Stored items from a collection:
•••

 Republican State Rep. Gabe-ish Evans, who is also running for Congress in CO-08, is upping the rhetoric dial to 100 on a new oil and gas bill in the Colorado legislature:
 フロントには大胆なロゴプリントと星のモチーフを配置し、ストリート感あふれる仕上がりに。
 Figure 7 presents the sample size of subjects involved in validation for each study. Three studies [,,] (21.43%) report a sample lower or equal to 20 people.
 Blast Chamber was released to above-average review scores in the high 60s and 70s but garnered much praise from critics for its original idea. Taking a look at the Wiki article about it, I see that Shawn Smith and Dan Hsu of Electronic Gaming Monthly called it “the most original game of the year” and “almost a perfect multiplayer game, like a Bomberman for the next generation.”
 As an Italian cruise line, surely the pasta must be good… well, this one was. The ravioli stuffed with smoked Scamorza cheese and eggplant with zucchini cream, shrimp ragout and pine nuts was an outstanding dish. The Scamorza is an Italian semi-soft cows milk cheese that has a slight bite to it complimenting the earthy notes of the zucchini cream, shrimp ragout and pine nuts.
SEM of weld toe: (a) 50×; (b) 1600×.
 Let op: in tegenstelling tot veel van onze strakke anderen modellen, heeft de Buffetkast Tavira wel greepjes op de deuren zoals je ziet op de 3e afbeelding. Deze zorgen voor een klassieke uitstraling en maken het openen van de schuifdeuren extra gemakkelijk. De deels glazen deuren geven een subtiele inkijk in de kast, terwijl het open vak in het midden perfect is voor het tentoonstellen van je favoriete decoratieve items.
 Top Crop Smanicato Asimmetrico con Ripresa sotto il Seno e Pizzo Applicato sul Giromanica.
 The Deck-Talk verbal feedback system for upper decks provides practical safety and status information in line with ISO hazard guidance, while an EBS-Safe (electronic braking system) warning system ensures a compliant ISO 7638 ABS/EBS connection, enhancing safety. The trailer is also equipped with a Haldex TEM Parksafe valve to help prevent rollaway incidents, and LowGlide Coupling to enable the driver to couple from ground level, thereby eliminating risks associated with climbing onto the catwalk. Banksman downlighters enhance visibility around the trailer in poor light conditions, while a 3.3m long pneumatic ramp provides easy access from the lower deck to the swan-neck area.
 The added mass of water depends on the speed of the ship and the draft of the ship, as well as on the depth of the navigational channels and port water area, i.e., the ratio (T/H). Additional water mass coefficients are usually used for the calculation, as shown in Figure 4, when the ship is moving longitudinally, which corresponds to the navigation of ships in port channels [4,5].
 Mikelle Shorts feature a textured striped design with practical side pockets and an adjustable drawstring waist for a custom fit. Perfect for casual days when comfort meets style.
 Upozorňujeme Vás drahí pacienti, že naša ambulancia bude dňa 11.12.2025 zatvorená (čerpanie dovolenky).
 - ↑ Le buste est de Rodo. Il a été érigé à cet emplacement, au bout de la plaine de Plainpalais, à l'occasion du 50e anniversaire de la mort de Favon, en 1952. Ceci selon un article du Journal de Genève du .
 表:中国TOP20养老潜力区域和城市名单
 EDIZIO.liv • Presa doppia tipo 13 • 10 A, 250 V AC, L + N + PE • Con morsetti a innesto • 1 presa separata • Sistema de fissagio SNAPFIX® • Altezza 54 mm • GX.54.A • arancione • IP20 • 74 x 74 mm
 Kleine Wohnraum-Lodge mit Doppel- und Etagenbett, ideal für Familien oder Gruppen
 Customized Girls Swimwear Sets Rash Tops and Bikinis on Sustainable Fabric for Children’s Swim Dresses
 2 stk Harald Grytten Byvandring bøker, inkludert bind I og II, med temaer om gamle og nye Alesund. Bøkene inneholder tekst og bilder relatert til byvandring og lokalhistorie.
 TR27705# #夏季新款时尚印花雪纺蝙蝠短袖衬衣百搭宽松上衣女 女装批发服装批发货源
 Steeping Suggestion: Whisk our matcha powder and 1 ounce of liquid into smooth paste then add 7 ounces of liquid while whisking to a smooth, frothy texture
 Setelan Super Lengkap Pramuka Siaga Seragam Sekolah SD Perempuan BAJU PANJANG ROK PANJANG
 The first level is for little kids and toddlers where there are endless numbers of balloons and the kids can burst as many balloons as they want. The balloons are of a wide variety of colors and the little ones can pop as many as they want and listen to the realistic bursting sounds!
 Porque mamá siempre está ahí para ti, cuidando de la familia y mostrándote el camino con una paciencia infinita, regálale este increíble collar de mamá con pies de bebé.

•••

### Exercise
Every record above is to be copied out again exactly as written.

### Exercise result
 Republican State Rep. Gabe-ish Evans, who is also running for Congress in CO-08, is upping the rhetoric dial to 100 on a new oil and gas bill in the Colorado legislature:
 フロントには大胆なロゴプリントと星のモチーフを配置し、ストリート感あふれる仕上がりに。
 Figure 7 presents the sample size of subjects involved in validation for each study. Three studies [,,] (21.43%) report a sample lower or equal to 20 people.
 Blast Chamber was released to above-average review scores in the high 60s and 70s but garnered much praise from critics for its original idea. Taking a look at the Wiki article about it, I see that Shawn Smith and Dan Hsu of Electronic Gaming Monthly called it “the most original game of the year” and “almost a perfect multiplayer game, like a Bomberman for the next generation.”
 As an Italian cruise line, surely the pasta must be good… well, this one was. The ravioli stuffed with smoked Scamorza cheese and eggplant with zucchini cream, shrimp ragout and pine nuts was an outstanding dish. The Scamorza is an Italian semi-soft cows milk cheese that has a slight bite to it complimenting the earthy notes of the zucchini cream, shrimp ragout and pine nuts.
SEM of weld toe: (a) 50×; (b) 1600×.
 Let op: in tegenstelling tot veel van onze strakke anderen modellen, heeft de Buffetkast Tavira wel greepjes op de deuren zoals je ziet op de 3e afbeelding. Deze zorgen voor een klassieke uitstraling en maken het openen van de schuifdeuren extra gemakkelijk. De deels glazen deuren geven een subtiele inkijk in de kast, terwijl het open vak in het midden perfect is voor het tentoonstellen van je favoriete decoratieve items.
 Top Crop Smanicato Asimmetrico con Ripresa sotto il Seno e Pizzo Applicato sul Giromanica.
 The Deck-Talk verbal feedback system for upper decks provides practical safety and status information in line with ISO hazard guidance, while an EBS-Safe (electronic braking system) warning system ensures a compliant ISO 7638 ABS/EBS connection, enhancing safety. The trailer is also equipped with a Haldex TEM Parksafe valve to help prevent rollaway incidents, and LowGlide Coupling to enable the driver to couple from ground level, thereby eliminating risks associated with climbing onto the catwalk. Banksman downlighters enhance visibility around the trailer in poor light conditions, while a 3.3m long pneumatic ramp provides easy access from the lower deck to the swan-neck area.
 The added mass of water depends on the speed of the ship and the draft of the ship, as well as on the depth of the navigational channels and port water area, i.e., the ratio (T/H). Additional water mass coefficients are usually used for the calculation, as shown in Figure 4, when the ship is moving longitudinally, which corresponds to the navigation of ships in port channels [4,5].
 Mikelle Shorts feature a textured striped design with practical side pockets and an adjustable drawstring waist for a custom fit. Perfect for casual days when comfort meets style.
 Upozorňujeme Vás drahí pacienti, že naša ambulancia bude dňa 11.12.2025 zatvorená (čerpanie dovolenky).
 - ↑ Le buste est de Rodo. Il a été érigé à cet emplacement, au bout de la plaine de Plainpalais, à l'occasion du 50e anniversaire de la mort de Favon, en 1952. Ceci selon un article du Journal de Genève du .
 表:中国TOP20养老潜力区域和城市名单
 EDIZIO.liv • Presa doppia tipo 13 • 10 A, 250 V AC, L + N + PE • Con morsetti a innesto • 1 presa separata • Sistema de fissagio SNAPFIX® • Altezza 54 mm • GX.54.A • arancione • IP20 • 74 x 74 mm
 Kleine Wohnraum-Lodge mit Doppel- und Etagenbett, ideal für Familien oder Gruppen
 Customized Girls Swimwear Sets Rash Tops and Bikinis on Sustainable Fabric for Children’s Swim Dresses
 2 stk Harald Grytten Byvandring bøker, inkludert bind I og II, med temaer om gamle og nye Alesund. Bøkene inneholder tekst og bilder relatert til byvandring og lokalhistorie.
 TR27705# #夏季新款时尚印花雪纺蝙蝠短袖衬衣百搭宽松上衣女 女装批发服装批发货源
 Steeping Suggestion: Whisk our matcha powder and 1 ounce of liquid into smooth paste then add 7 ounces of liquid while whisking to a smooth, frothy texture
 Setelan Super Lengkap Pramuka Siaga Seragam Sekolah SD Perempuan BAJU PANJANG ROK PANJANG
 The first level is for little kids and toddlers where there are endless numbers of balloons and the kids can burst as many balloons as they want. The balloons are of a wide variety of colors and the little ones can pop as many as they want and listen to the realistic bursting sounds!
 Porque mamá siempre está ahí para ti, cuidando de la familia y mostrándote el camino con una paciencia infinita, regálale este increíble collar de mamá con pies de bebé.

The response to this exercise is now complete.